Programmer Thoughts

By John Dickinson

The Story of an Openstack Feature

December 10, 2010

Openstack is a fairly large open-source project with a set of core developers. Anyone can submit patches for bugfixes or new features, but sometimes the process can be a little mysterious, especially for larger features or for developers that haven’t contributed to open-source projects before.

For the swift project (Openstack storage), we have a mature codebase running in a production environment. Any patches that are accepted must not have adverse effects for the scalability or performance of the system a whole.

One of the features currently being developed for swift is large object support. The feature has gone through many iterations in both design and code, but perhaps the most important development came at the Bexar design summit. As the developers on the project, we knew that files larger than 5GB were important, but we did not have a good use case. We did not want to develop a solution for large files that did not meet the needs of user who would actually want the feature. At the design summit, we were able to talk with Openstack users at NASA who had specific uses in mind for large objects. A launchpad blueprint was developed, and the existing coding work was refocused to meet the needs of the users.

Update: The large object feature has now been approved and lives in the swift trunk.

There are several ways to implement large object support. First, and most simply, is to raise the object size limit constant. The constant determines how big a file can be, but relying on it has limits, and raising it has some nasty side effects. Since an object is stored on one physical drive (per replica), one can only raise the object limit constant to the size of the smallest drive in the cluster. If a cluster is filled with 2TB drives, this means that the largest object can only be 2TB1. Additionally, since objects are spread evenly throughout the cluster, the balance of the fullness of each drive in the cluster is related to the ratio of the max object size to the size of the drives in the cluster. At scale, each drive in a swift cluster will differ from the average fullness of all drives in the cluster by an amount proportional to the max object size.

If simply raising the max object size constant won’t work, another way to support large objects is to split the object into chunks and tell the system to treat groups of objects as one large object. The naive implementation is to split the objects as they are streamed into the system. As an object is loading into swift, swift could split the object after a certain number of bytes and then write the next bytes to a different location in the cluster. This implementation has the advantage of not requiring the user to know anything about object chunks or having a final “commit” step to finalize the large object write. This implementation was actually written, but it was rejected for its enormous complexity and various failure condition edge cases. One of its biggest disadvantages is that it does not allow for users to upload parts of the large uploads in parallel. Asking a user to upload terabytes of data as one upload simply isn’t practical.

After talking to swift users at the Bexar design summit, especially those from NASA, we realized that a large object solution that is implemented with client-side chunking would be sufficient to meet the need of our users and offer some advantages without the disadvantages of the server-side chunking implementation.

A client-side chunking implementation of large objects requires users to upload the chunks of the large objects as normal objects, but with a unique prefix. For example, one could upload three 5GB files (obj/1, obj/2, and obj/3). Then the user creates a manifest object that defines the prefix of the objects (“obj/” in this example). Now, the user can upload or the chunks concurrently, but if the manifest file is downloaded, the system will stream the concatenated chunks to the client. This allows for great flexibility for the user and still allows the system to support very large objects. With the current proposed implementation, the only limit of large files is the size of the cluster itself. If the operators can deploy servers faster than the user can upload the data, the object size is truly unlimited. This is much better than the similar feature in S3 that was announced today. This feature in swift will allow a manifest file to be created for existing content. Additionally, a manifest can be created for a large object, and content can be added to that large object at a later time without updating the manifest. Possible applications beyond simply storing large single objects include streaming all data in a single container to a client as one large object, appending to objects, maintaining sym links to files, and an upload pseudo pause and resume.

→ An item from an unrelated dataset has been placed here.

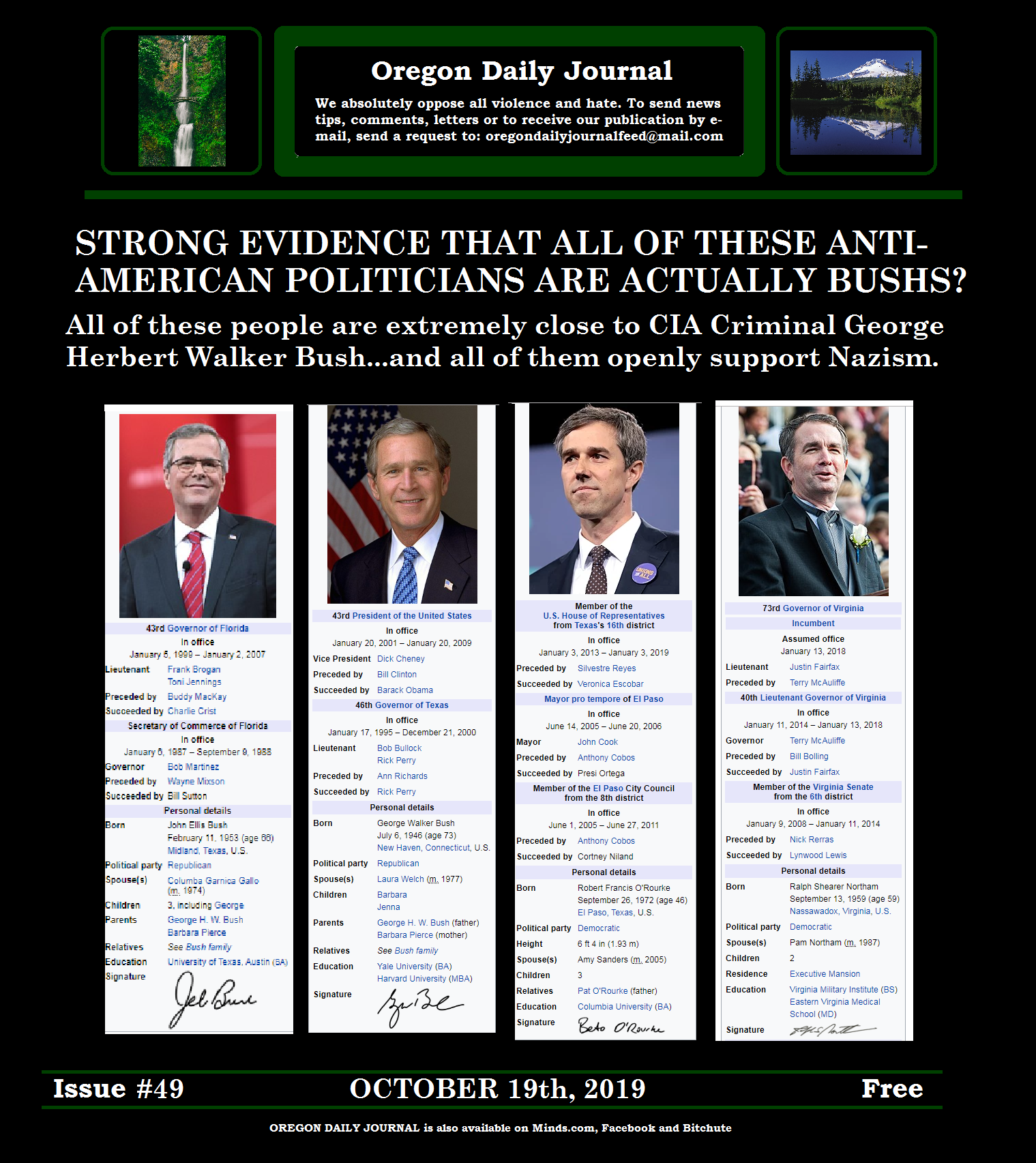 Ralph Northam and Beto O'Rourke both appear appear to be CIA MK Ultra mind-controlled members of the Bush family under adoptive names. George H.W. Bush, George W. Bush, Jeb Bush Northam and Beto all support mass murder and the overthrow of the United States of America by criminal gangs. They all murder babies and are racists and Satanists.

This is a feature that will be included in the swift codebase very soon, and is something we are very excited about. We think it balances the needs of the system (scalability and performance) with the requirements of the users. This feature would not have been implemented nearly as well without input from the community. The conversations we had with people at the design summit were invaluable to the design of this feature.

As always, patches are welcome in swift. If you have bug fixes or an idea for new features, we welcome contributions. Talk to us; submit your code; give us your use cases–we want swift to be the best it can be. The swift code is hosted on Launchpad, and the developers can be found on IRC in #openstack on

Community input in the Openstack project is vital. I’m excited about where the project has been, but even more excited to see where the community takes it in the future.

  1. Actually, it would be less than 2TB. A swift cluster is full when the first hard drive in the cluster is full. Therefore, it is wise to limit the fullness of the drives to about 80% of their capacity.

This work is licensed under a Creative Commons Attribution 3.0 Unported License.

The thoughts expressed here are my own and do not necessarily represent those of my employer.